Compiling under Unix is achieved using the traditional command "make".  
The compilation requires the libz library. This library usually comes
preinstalled on most Linux distributions, and is otherwise available
from from http://www.zlib.org.  

Compiling under Windows is possible using Cygwin, using MSYS, or using the
MSVC project files provided in the subdirectory "win" of the sgd distribution.
Make sure to read the instructions as you need to compile zlib adequately.
You then need to copy the executable files in this directory.


2. USAGE

Synopsis (training): 
        crfsgd [options] model template traindata [validdata]
        crfasgd [options] model template traindata [validdata]

Synopsis (tagging): 
        crfsgd -t model testdata
        crfasgd -t model testdata

Program "crfsgd" and "crfasgd" implement stochastic gradient algorithms for
training conditional random field models. The program inputs are modeled after
the well known CRF++ program (http://crfpp.sourceforge.net).  In particular
these programs use the same format for the template files and the data
files. These formats are well documented on the CRF++ web page. Programs
crfsgd and crfasgd can also directly read gzipped data files, provided that
the file name ends with suffix ".gz".

When operating in training mode, these program construct a CRF according to
the template file and perform a predefined number of training epochs on the
training data. Every so many epochs are followed by a performance evaluation
pass over the training set and optionally over a validation set. The
performance evaluation procedure can pipe the tags into an external evaluation
program such as the standard CONLL evaluation script conlleval. The training
set performance is useful to monitor the progress of the optimization. The
validation set performance is useful to estimate the generalization
performance. The recommended procedure is to monitor the validation
performance and stop the algorithm when the validation metrics no longer
improve. In the limit of large number of examples, program "crfasgd" should
reach this point after one or two epochs only. The model is saved in the
specified model file (which in fact is a compressed text file.)

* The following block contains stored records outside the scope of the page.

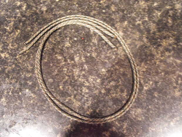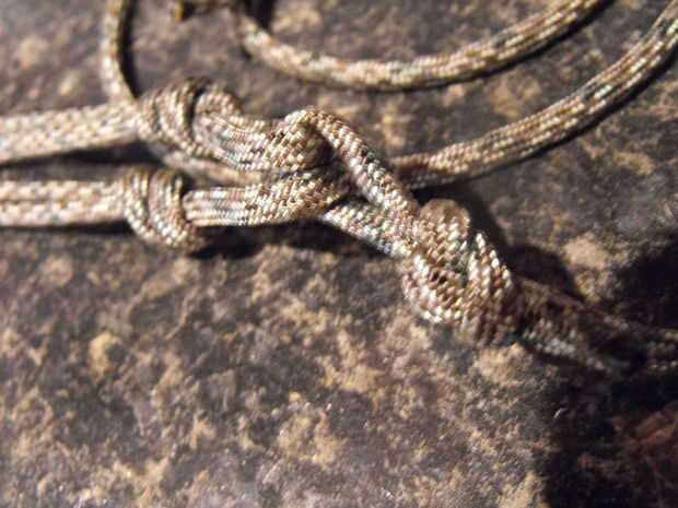 Tomar 48" de 550 cable y cortar por la mitad. Tome las partes insividual y atar un lazo por todo lo alto en cada uno de ellos. Después tome la cuerda restante y atar las dos partes a ella usando el nudo de un arquero (realmente cualquier nudo lazo funciona, pero esto es lo que prefiero).
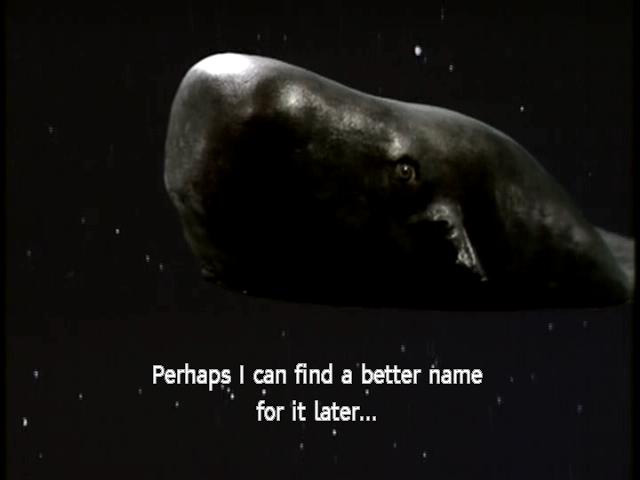 [Whale] Perhaps I can find a better name for it later ... [Whale] Hey, what's this thing? [Whale] Let's call it a tail! Yeah, tail. [Whale] Hey, I can really thrash it about pretty good, can't I? Wow! Wow! Hey! |
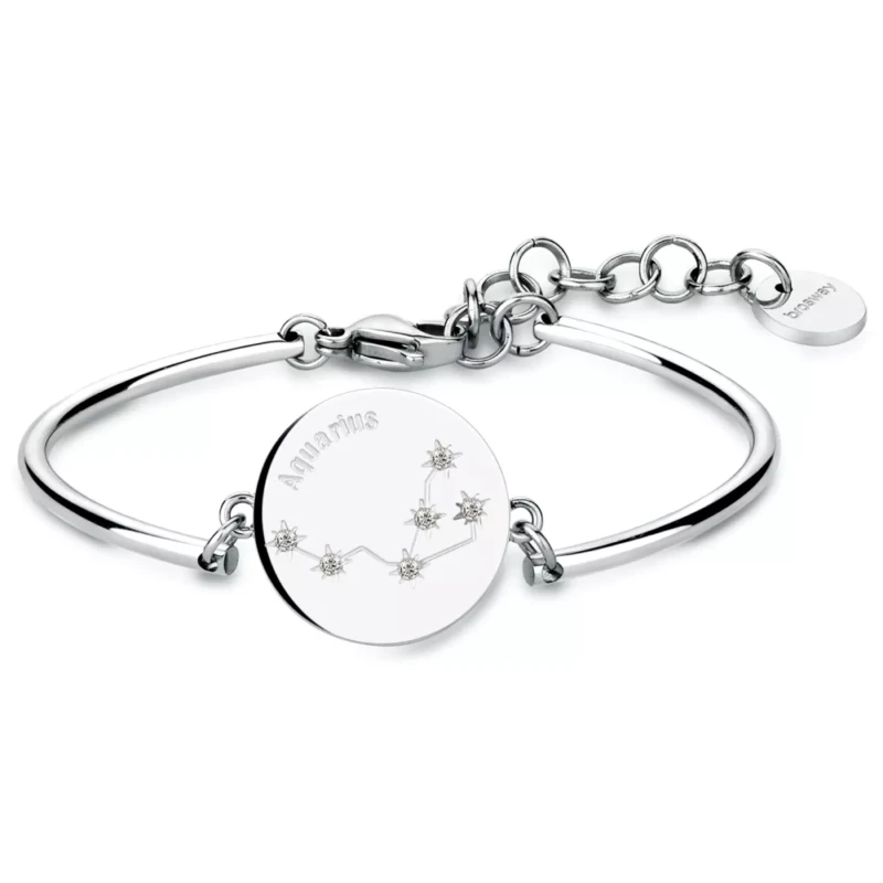 Moderna ženska narukvica brenda Brosway, iz kolekcije Chakra. Karakteriše je čvrsta forma, kao i privezak u kombinaciji sa Swarovski kristalima i ugraviranim sazvežđem horoskopskog znaka Vodolija. Strpljive i tolerantne, Vodolije vole da sklapaju nova prijateljstva. Slatke i osetljive, ovi sanjari su idealisti.
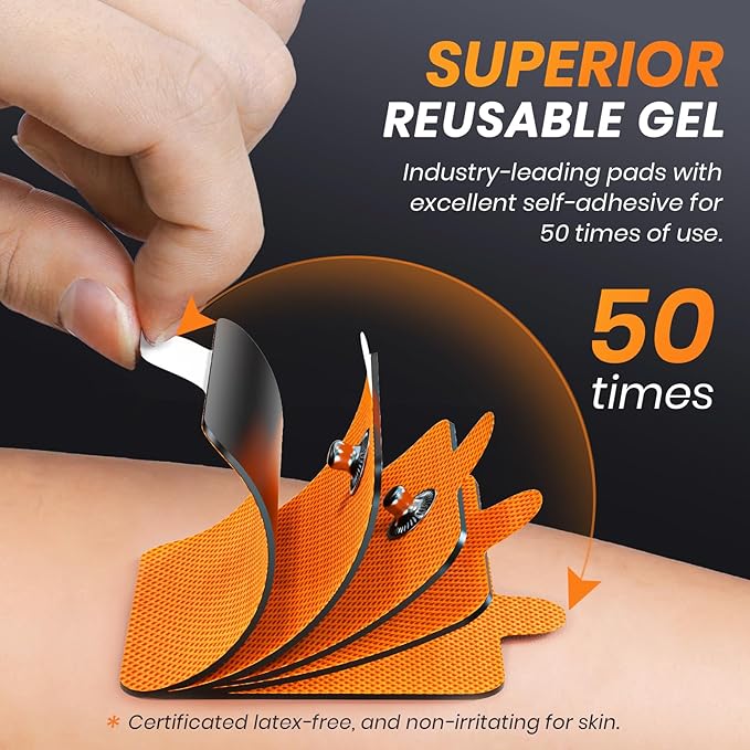 • Multi-shape Pads Combination: Experience targeted relief with 2 sizes of pads of the stim machine. Small pads target areas such as the neck, knee, and ankle; larger pads focus on the shoulders, waist, and thighs. These upgraded pads are made of latex-free gel for more than 50 times of use without skin irritation and are fully compliant with CE, RoHS, and FDA standards.

Both programs accept the same options when used in training mode.

 -c <num> : capacity control parameter (1.0)
 -f <num> : threshold on the occurences of each feature (3)
 -r <num> : total number of epochs (50)
 -h <num> : epochs between each testing phase (5)
 -e <cmd> : performance evaluation command (conlleval -q)
 -s <num> : initial learning rate
 -q       : silent mode

Program crfasgd accepts one additional option:

 -a d     : starts averaging after d iterations (default: 1.0.)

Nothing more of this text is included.